>>>>

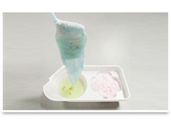 水と粉を混ぜた液体にストローを浸し、このストローの上に粉末の「グミのもと」を振りかけて持ち上げると、あっという間に長いグミが出来あがります。まるでグミを釣り上げたような不思議な楽しさが体感できます。出来たグミは、小さく切ってふわふわの泡ソースにつけて食べると、さらにおいしくなります。
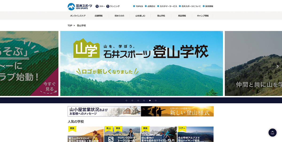 登山用品専門店「石井スポーツ」が主催する登山学校。地図読み講習会は一年をとおして実施している。関東で開かれる講習会は主に奥武蔵をメインフィールドにしており、道標などが過剰に整備されていないハイキング道やオリエンテーリングの常設コースなどを利用して、進路決定や尾根谷の地形把握を行なうことで、受講者に地図を“見る”から“読む”ことを習慣づけるように工夫されている。
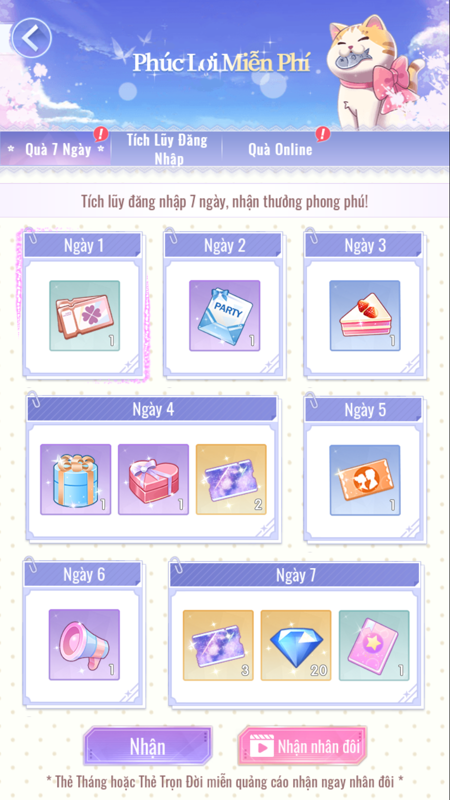 - Bảo Bối tiến hành tích lũy đăng nhập theo các mốc để nhận phần thưởng của sự kiện.
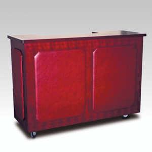 ・サイズ:W1600×D600×H1100mm ・キャスターサイズ:100φ 自在キャスター4輪 ・本体:サクラ材塗装 3面ビニールレザー ・天板:メラミン化粧板 ・内部:ステンレス張り ・シンク1個付 ・販売価格:\507,000 (消費税は別途)
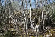 In the Middle Ages, the nearby settlements on Ladral (1,530 m (5,020 ft)) and Jörgenberg belonged to Waltensburg. In the area surrounding Waltensburg/Vuorz there are three other medieval fortresses, Grünenfels (Romansh: Chischlatsch), home of the Freiherren of Grünenfels in the 13th century, Kropfenstein and Vogelberg (Romansh: Cafoghel).[3]

<<<<

What is needed => Leaving the pictures aside, write out only the lines from the one containing "登山用品専門店「石井スポーツ" through the end of the material, exactly as they stand.

Response to the exercise =>
 登山用品専門店「石井スポーツ」が主催する登山学校。地図読み講習会は一年をとおして実施している。関東で開かれる講習会は主に奥武蔵をメインフィールドにしており、道標などが過剰に整備されていないハイキング道やオリエンテーリングの常設コースなどを利用して、進路決定や尾根谷の地形把握を行なうことで、受講者に地図を“見る”から“読む”ことを習慣づけるように工夫されている。
 - Bảo Bối tiến hành tích lũy đăng nhập theo các mốc để nhận phần thưởng của sự kiện.
 ・サイズ:W1600×D600×H1100mm ・キャスターサイズ:100φ 自在キャスター4輪 ・本体:サクラ材塗装 3面ビニールレザー ・天板:メラミン化粧板 ・内部:ステンレス張り ・シンク1個付 ・販売価格:\507,000 (消費税は別途)
 In the Middle Ages, the nearby settlements on Ladral (1,530 m (5,020 ft)) and Jörgenberg belonged to Waltensburg. In the area surrounding Waltensburg/Vuorz there are three other medieval fortresses, Grünenfels (Romansh: Chischlatsch), home of the Freiherren of Grünenfels in the 13th century, Kropfenstein and Vogelberg (Romansh: Cafoghel).[3]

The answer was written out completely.